# Storage Space Galore



## kenhouston (Jan 15, 2015)

Storage Galore.
My wife had piles of boxes stuffed in a room we (SHE) needed, so the boxes had only one place left to go, the garage. I was building a shop and didn't want to give up the space. We're talking a LOT of boxes. Attached is a photo of my solution, along with a detail of the component parts required. Materials are whatever plywood you feel like using and some standard electrical contractor items, available at most big box stores or an electrical warehouse supplier.

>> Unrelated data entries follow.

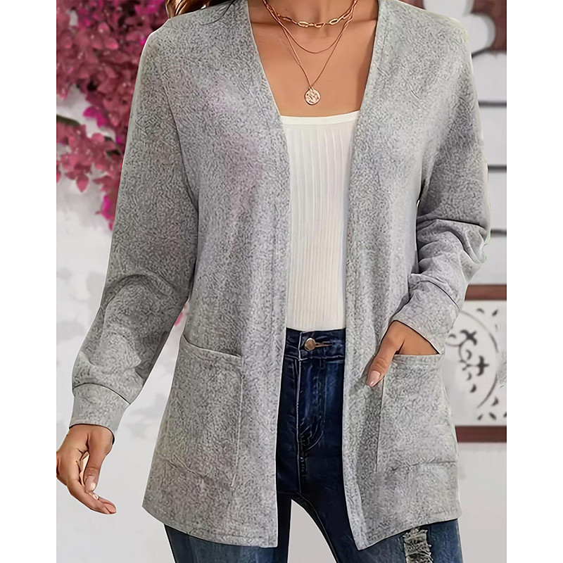 Women's Sweater Cardigan Elegant Streetwear Casual Solid Color V Neck Pocket Knitted Long Sleeve Long Tops Knit Daily Holiday Going out Black Pink Fall Winter
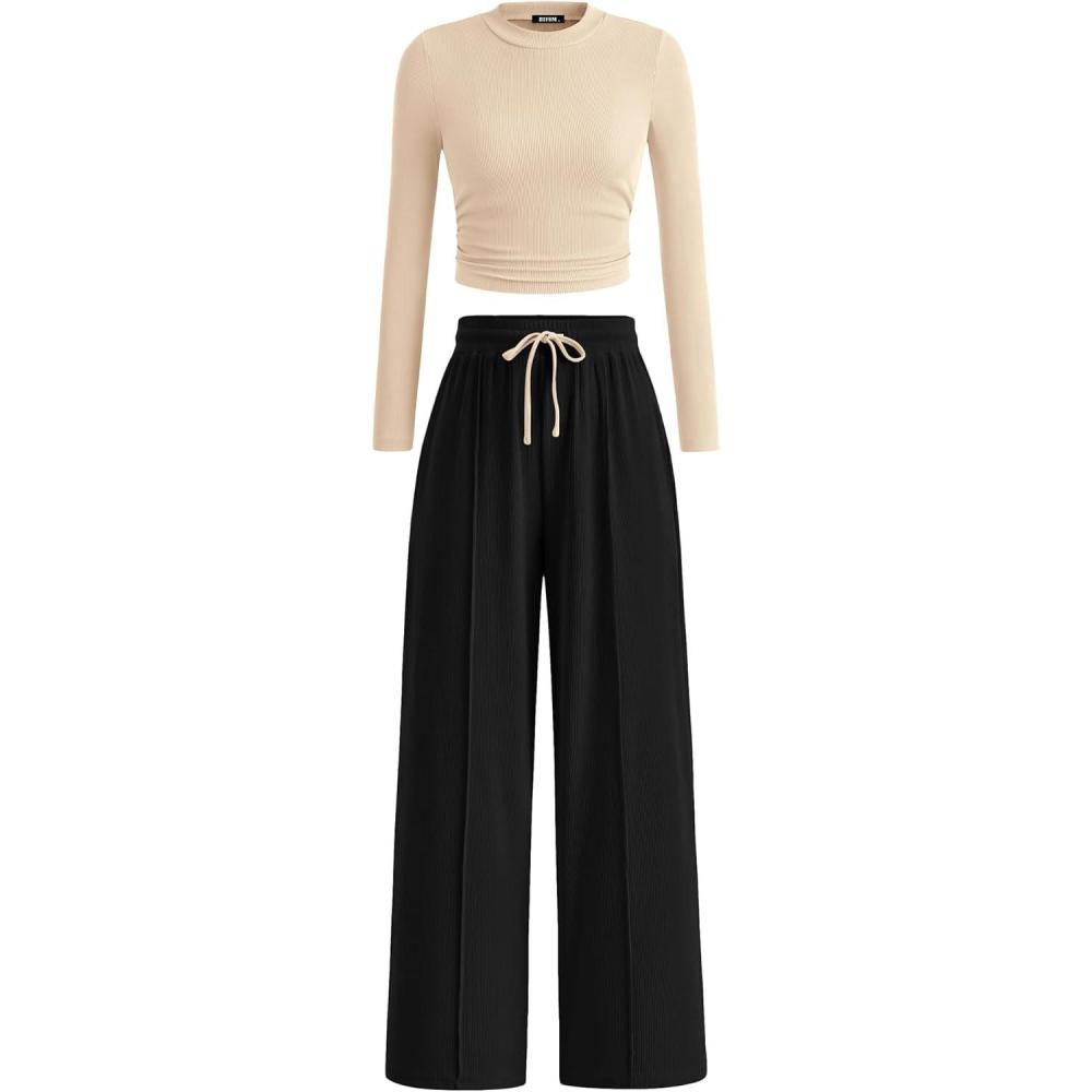 BTFBM Casual 2 Piece Sets For Women Fall Outfits 2025 Ribbed Long Sleeve Crop Top Wide Leg Pants Matching Lounge Set(Beige Black)
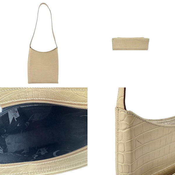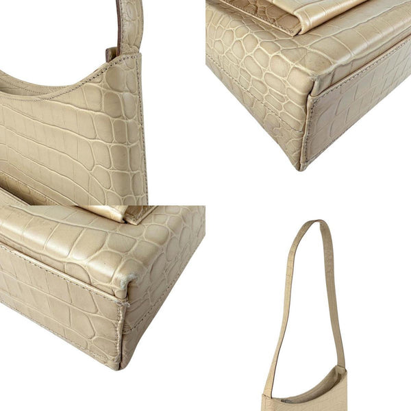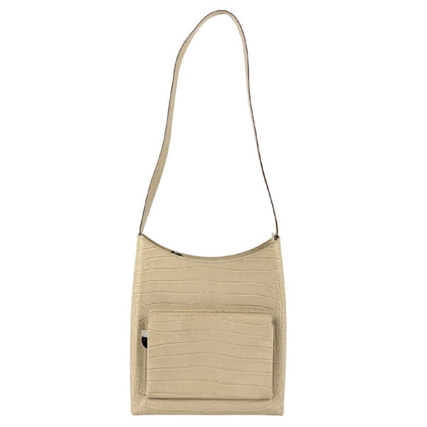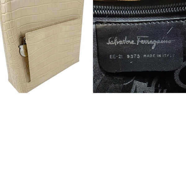 Salvatore Ferragamo Gancini Shoulder Bag in Embossed Leather, Beige and Silver, Women's, Z6087
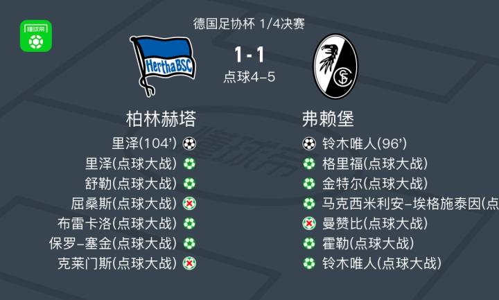 弗赖堡总分6-5点杀柏林赫塔,铃木唯人破僵,里泽破门战报bot @懂球帝02-11 05:39北京时间2月11日德国足协杯 1/4决赛,柏林赫塔对阵弗赖堡。柏林赫塔里泽破门。弗赖堡铃木唯人破门。最终比分柏林赫塔 1-1 弗赖堡,点球大战柏林赫塔4-5弗赖堡,最终总分弗赖堡6-5柏林赫塔。点击查看本场比赛详细数据>>点击查看德国杯完整积分榜>>精彩瞬间第96分钟,弗赖堡球员铃木唯人打入一球。第104分钟,柏林赫塔球员保罗-塞金助攻里泽打入一球。球队阵容技术统计展开更多
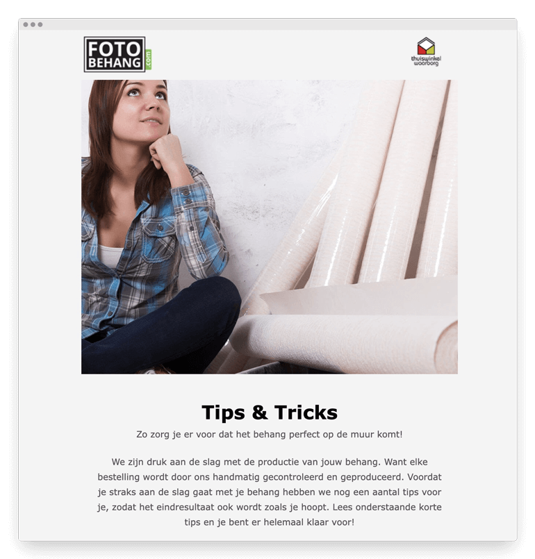 Wanneer een bezoeker klant is geworden, omdat deze een order heeft geplaatst, krijgt de klant na 24 uur een e-mail met tips om met de voorbereidende werkzaamheden te kunnen starten. Hierin wordt ook aangegeven dat de productie van het gekozen fotobehang in gang is gezet.
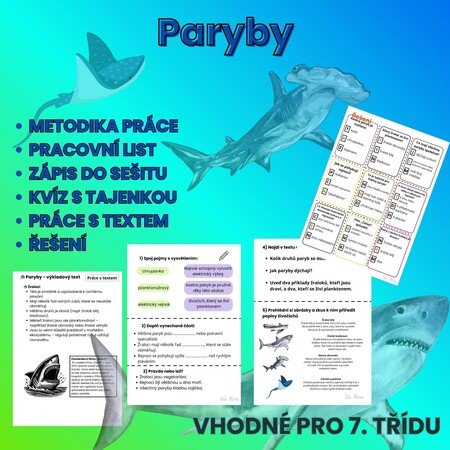 - Výkladový text o parybách (žraloci, rejnoci, chiméry)
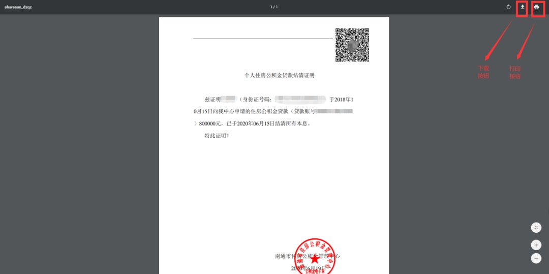 点击【查看凭证】按钮,会跳转至贷款结清证明pdf页面,用户可根据需要选择下载或打印如下图所示:
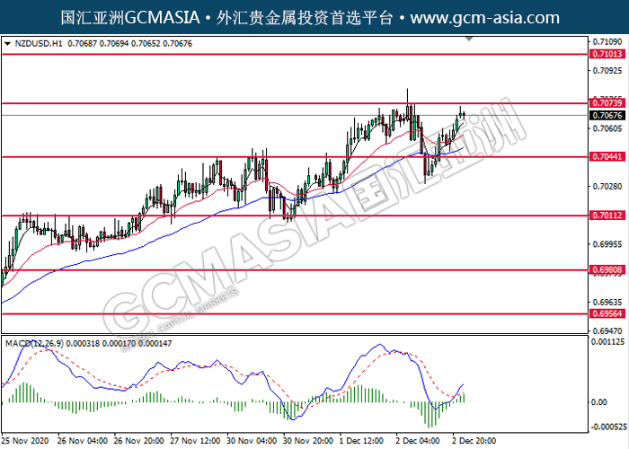 20201203 NZDUSD by willy | Dec 3, 2020 | 纽元兑美元 | 0 comments GCMAsia-NZDUSD NZDUSD 2020-12-03 NZDUSD,H1: 纽美突破后持续上行。MACD转向多头,动能略增,短期可关注多头为主。上方关注0.7075和0.7100压力,下方关注0.7045支撑和0.7010支撑。
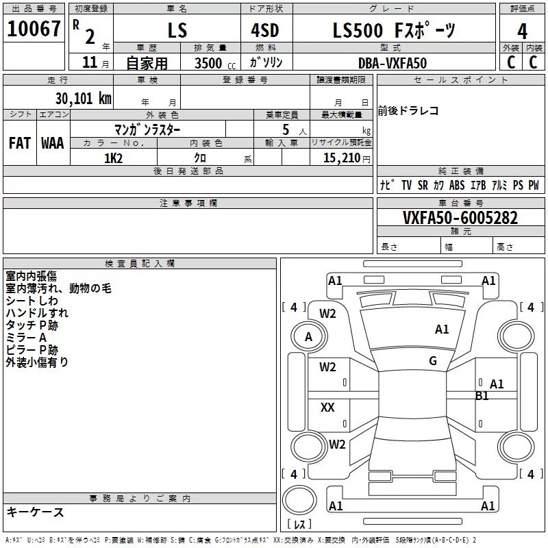 Lexus LS с аукциона Японии TAA Yokohama лот № 10067

There was a beam running across the garage ceiling as a support for the floor joists of the game room above. The beam is a pair of 2×12's. Plenty strong. I lag bolted a 2×4 to the bottom of the beam, just because I needed a spacer which would allow more height for whatever I put on the shelf. I then lag bolted a 2×6 to the bottom of that. This gave me distance from the ceiling and support for the plywood shelf, and everything that was going to end up on it. This was the support for the back edge of the plywood. On the back wall I screwed a 1×2 cleat to the wall.

I then lag bolted electrical strut to the ceiling, 2 feet out from the beam, and suspended threaded rod with strut nuts. To the bottom of the rod I attached I-beam clips (pipe hangers) to support the front edge of the plywood shelf. Note: There are several style of these clips. The one in the attached picture was the best for my purposes. Others had odd angles that wouldn't align perpendicular to the plywood, or different positions for the two threaded holes. I ended up finding the ones I wanted at a fastener distributor in town, which was half the price of the off-the-shelf clips at the big box store.

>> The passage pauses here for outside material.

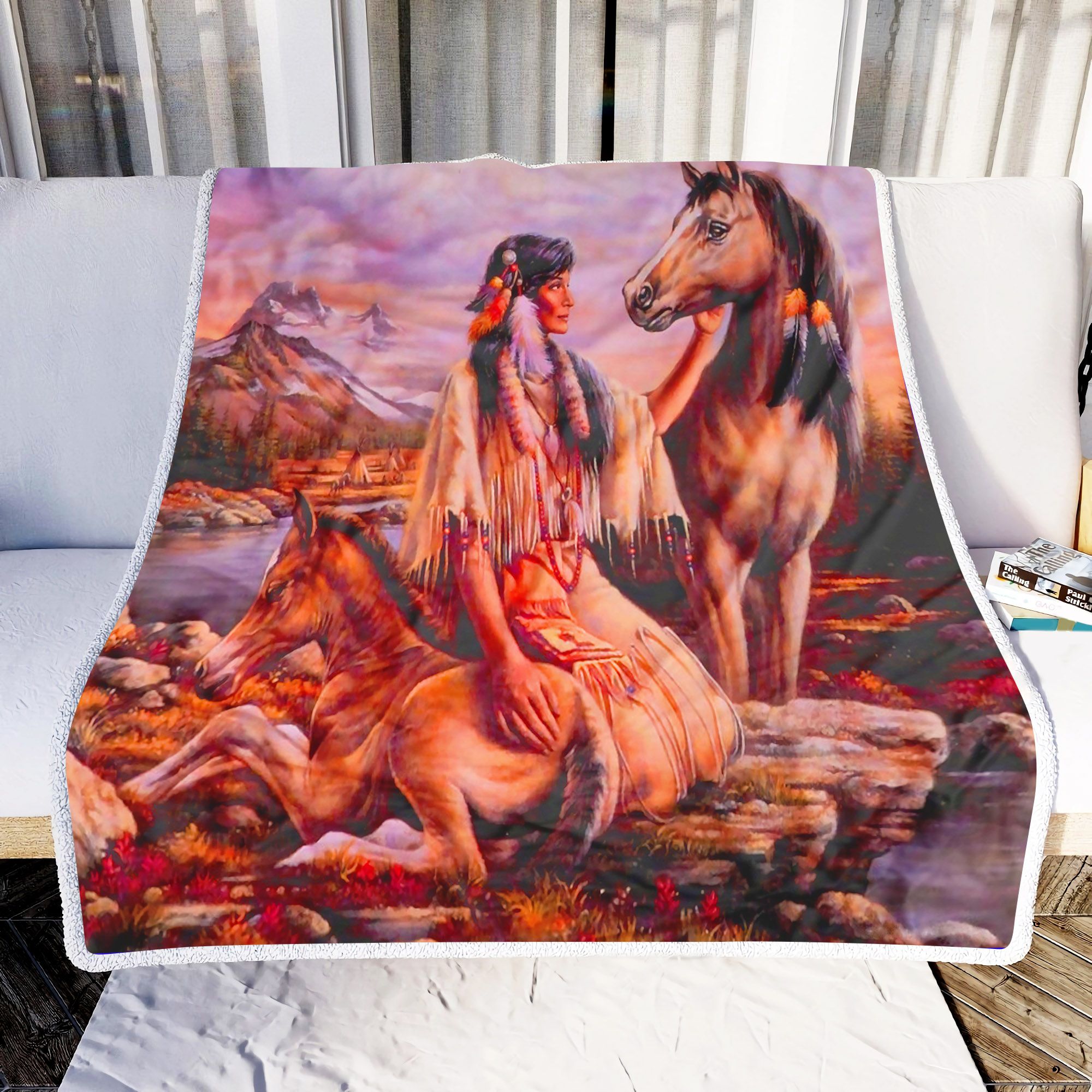 Native America Girl And Her Horse Fleece Blanket Sherpa Blanket
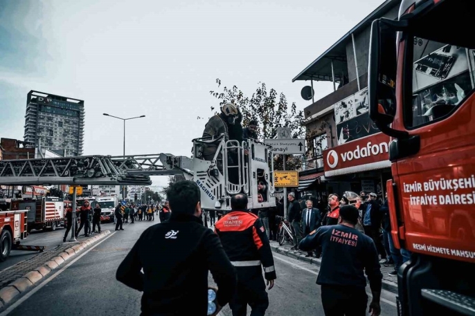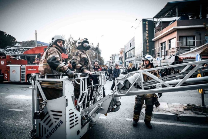 Yıldırım Beyazıt Mahallesi Fatih Caddesi üzerindeki iş hanının 2. katında, saat 15.30 sıralarında henüz bilinmeyen bir nedenle yangın başladı. İhbar üzerine, İzmir Büyükşehir Belediyesi İtfaiye Dairesi Başkanlığı'ndan 12 araç ve personel olay yerine sevk edildi. Ekipler, binada yaptıkları incelemede çeşitli katlarda 12 vatandaşın mahsur kaldığını tespit etti.

We have nearly 36 plastic "Sterlite" boxes up there. Each box is 12×18 x 24. Everything my wife stores is up there. And she was kind enough to put a big label on each one. We found some great deals on the boxes. You can pay an arm and a leg for these things if you don't shop and if you don't wait for a sale.

I still have 7 feet 1 inch overhead clearance under the shelves and have yet to find that to be a problem. In fact, on the bottom of the shelves I mounted several T-8 fluorescent light fixtures and haven't smashed a bulb yet.


----------



## AlaskaGuy (Jan 29, 2012)

It's amazing how much "stuff" we accumulate and store because we think we might need it some day but that day never comes.


----------



## Tennessee (Jul 8, 2011)

Amen to that, Alaska Guy. My house is way too cluttered…


----------



## helluvawreck (Jul 21, 2010)

Why not build a small storage shed or even try to get rid of some of the stuff? In a work shop overhead space is also important.

helluvawreck aka Charles
http://woodworkingexpo.wordpress.com


----------



## kenhouston (Jan 15, 2015)

Helluvawreck, I'd love a small shed but (1) I have limited area for one due to deed restrictions and (2) I'd probably end up using it to get the dust collector outside the shop. And asking her to get rid of some storage items is like asking me to get rid of some tools.

So far, the loss of overhead space hasn't been a problem. I'm a one piece at a time builder, making furniture for myself and family. The beam was there anyway so I already had kind of an obstacle up there. Works for my purposes and beats my alternatives - clambering around in a hot dusty attic.


----------



## CopperTree (Jul 3, 2015)

I've added similar storage shelves to my garage, and a few customer garages. They work great and keep a lot of stuff of the floor.

I use threaded rod, fender washers, and nuts up through the trusses for support and a 2"x4"/2"x6" beam at the front edge. It's a neat little system without much expense and the threaded rod is always adjustable.


----------



## kenhouston (Jan 15, 2015)

Nice work, and a great use of potentially wasted space.


----------